Sigmund Sommer (June 19, 1916 – April 30, 1979) was a Brooklyn, New York building contractor, philanthropist, and racehorse owner of Sham, the horse that placed second to Secretariat in two legs of the 1973 U.S. Triple Crown series. At the time of Sommer's death at 62 in 1979, his estate was valued at almost $1 billion.

Biography
Sigmund Sommer came from a family that had dealt in real estate since 1885. He built up his real estate business in the 1930s and 40s by building small apartment buildings in Brooklyn and single family homes in northern New Jersey. By the 1970s, Sommer had expanded his real estate holdings to include shopping malls and commercial and residential properties in and around the metropolitan New York City area.

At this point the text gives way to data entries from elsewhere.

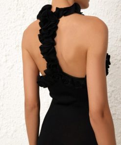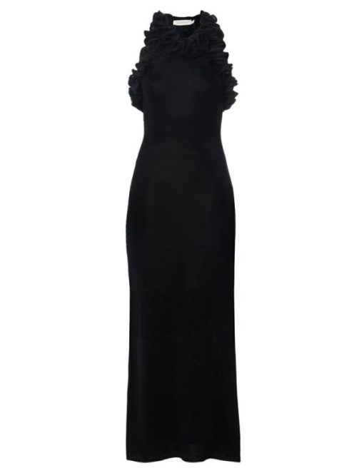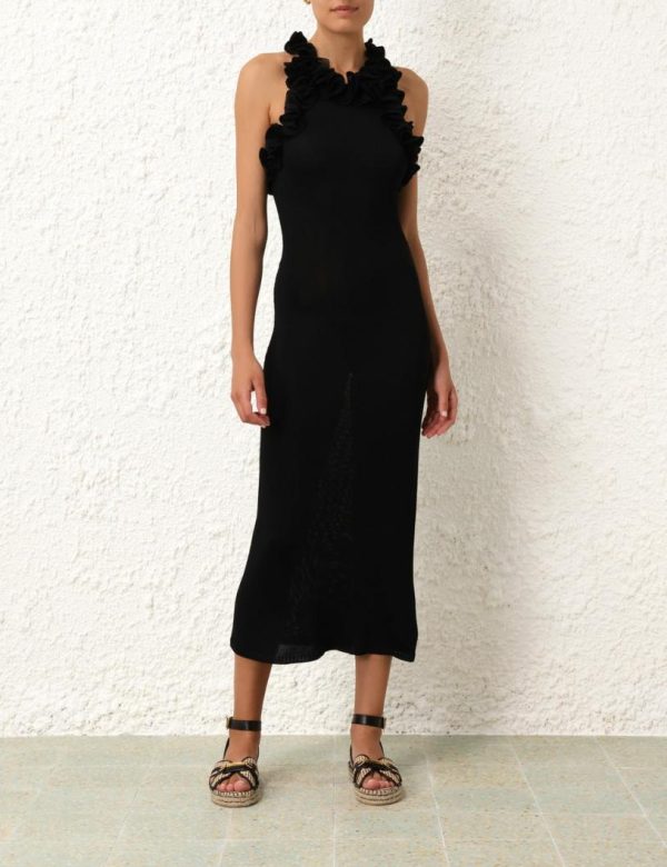 The Matchmaker Ruffle Neck Midi in Black from our Resort 2024 Collection, Matchmaker. A ribbed knit dress featuring a halter neck and statement frill details throughout.
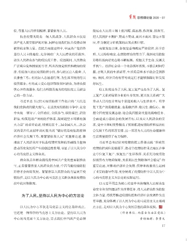 表团审议时提出的“人民至上、生命至上,保护人民生命 展的决定性力量。坚持以人民为中心的马克思主义群 它还是一种科学的马克思主义方法论。坚持以人民为 (作者单位:内蒙古自治区党校)
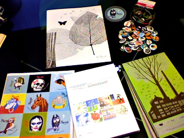 I also left with a bunch of FREE swag! Below are a bunch of buttons, a full CSA Portfolio Book,a freshly printed French Paper product guide, a POPink product guide, and a sheet of POPink stickers! (sorry for the bad quality photo)
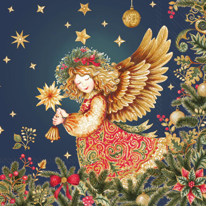 Make your holiday hosting feel downright magical with these Opulent Angel Cocktail Napkins ✨👼 Set against a deep midnight-blue sky, a golden-winged angel drifts through lush evergreen boughs, surrounded by shimmering stars, ornaments, and rich seasonal greenery. With ornate red-and-gold detailing, a glowing star wand, and a softly vintage, storybook feel, these napkins bring instant elegance to cocktail hour—perfect for Christmas soirées, candlelit dinners, and celebrations where you want the table to sparkle.
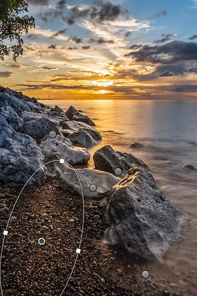 The pins in this sunset represent added sun rays on the beach created using radial filters, warmer white balance, and decreased Dehaze. Photograph by Jenn Mishra
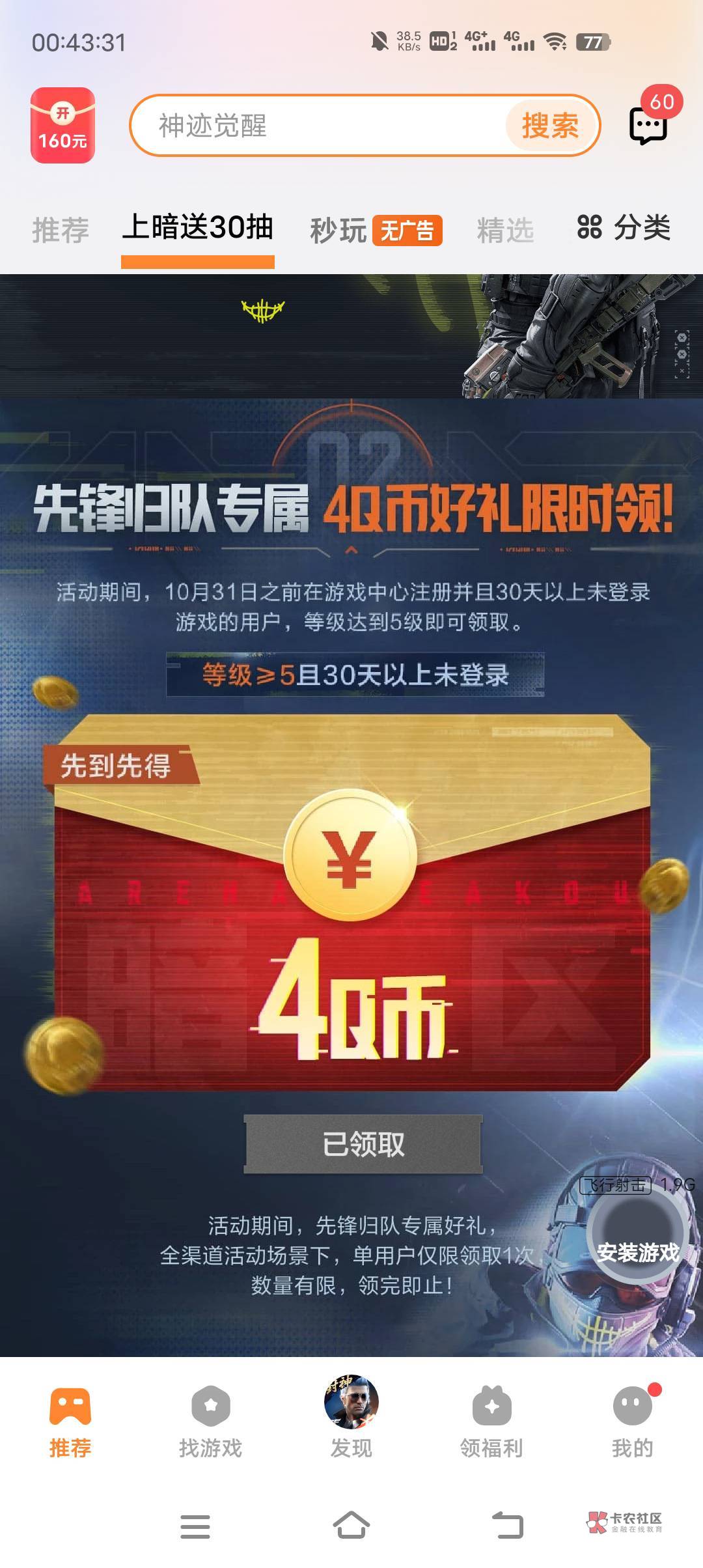 刚才vivo手机登录暗区的,再去游戏中心绑定账号领4qb
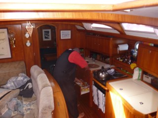 A note of explanation about the Bay Restaurant – you can locate it in one of two ways; either sail down190 degrees from Cork Harbour or alternatively follow the trail of veggie peelings from the same location. It is open for breakfast, lunch and supper serving good hearty crew meals. The three chefs are all well practised in the gentle art of juggling pots and pans on a swaying cooker as the boat bounces off the wave tops and can behave like an octopus when it comes to serving up into several bowls sliding across the worktop. Sunday nights special was fish pie made with a huge piece of smoked hake purchased from Dunns fish counter in Carrickaline, it was topped with mashed potatoes and cheese.
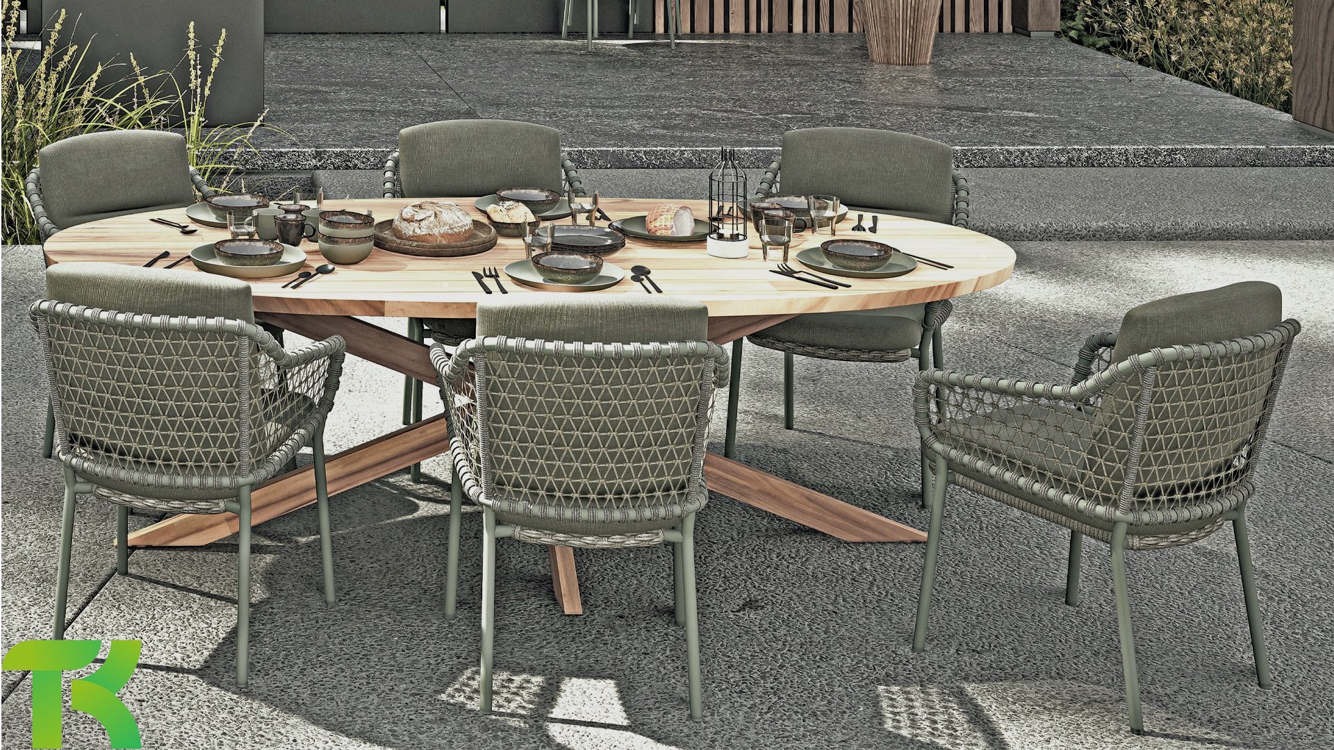 1 x Taste Prado Ellips Tisch 240x115cm Teak-Teak
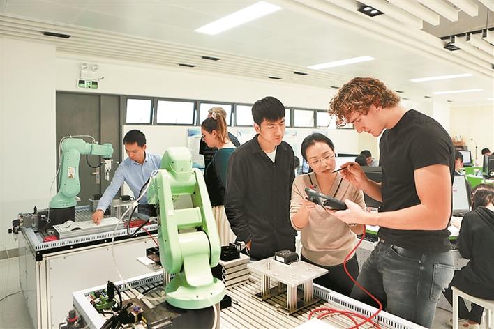 深圳商報(bào)2020年1月20日訊 阿爾卑斯山下、伊爾勒河畔,德國(guó)肯普滕當(dāng)?shù)氐淖詣?dòng)化生產(chǎn)車間,夢(mèng)想成為一名硬件工程師的張恩榮正細(xì)致觀察著生產(chǎn)流水線;而同一時(shí)刻的中國(guó),深圳信息職業(yè)技術(shù)學(xué)院(以下簡(jiǎn)稱:信息學(xué)院)西旺山下、一泓泉邊,一場(chǎng)名為“春芽草地音樂(lè)節(jié)”的戶外活動(dòng)正火熱開(kāi)場(chǎng),剛結(jié)束機(jī)電一體化實(shí)訓(xùn)課程趕過(guò)來(lái)的菲利拉起同行伙伴,興致頗高地投身到這場(chǎng)音樂(lè)節(jié)中……從1月6日起,信息學(xué)院與德國(guó)肯普滕國(guó)立第一職業(yè)學(xué)校之間為期兩周的實(shí)訓(xùn)與文化交流活動(dòng)開(kāi)啟了帷幕,張恩榮和菲利都是這項(xiàng)活動(dòng)的獲益者。
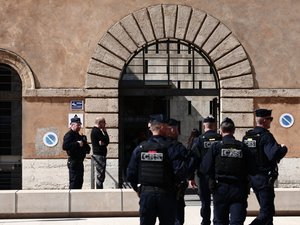 À l’extérieur, au cœur du centre-ville d’Aix-en-Provence, les rues autour du palais Monclar ont été bloquées par des camions de CRS pour faciliter l’arrivée des convois des détenus alors que des préparatifs d’une “action violente”, en lien avec au moins un des accusés, ont été découverts tout récemment, d’après les autorités. Le tribunal et ses abords resteront verrouillés le temps du procès. Des agents des forces de l’ordre patrouillent armés autour du palais de justice et des snipers seraient sur les toits. Les accusés et leur convoi sont surveillés en permanence depuis les airs par un hélicoptère, que ce soit dans le tribunal ou lors du cheminement des convois pénitentiaires.
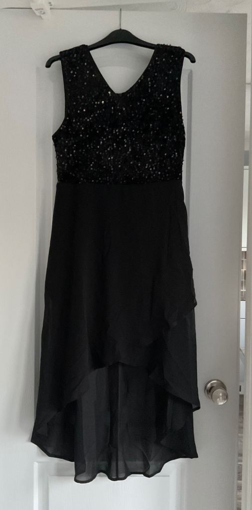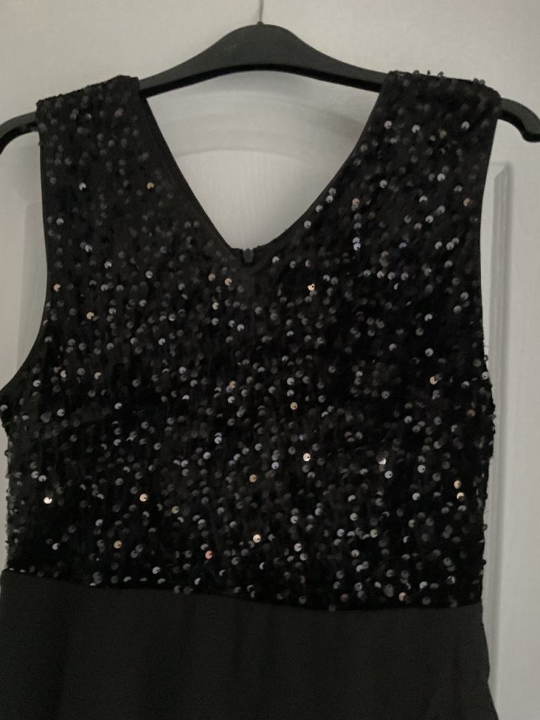 BRAND NEW - V Neck Black Sparkling Sequin Sleeveless Evening Dress

Thoroughbred Racehorse Owner
In the 1960s, Sommer purchased his first race horse, and along with his wife, Viola, oversaw one of the most successful thoroughbred racing stables through the 70s. The stable was among the leading money earners for ten consecutive years, earning over $1.5 million in 1971, a record, and beating that amount in 1972. At the time the Sommers owned 40 horses who ran under the stable's green and gold colors.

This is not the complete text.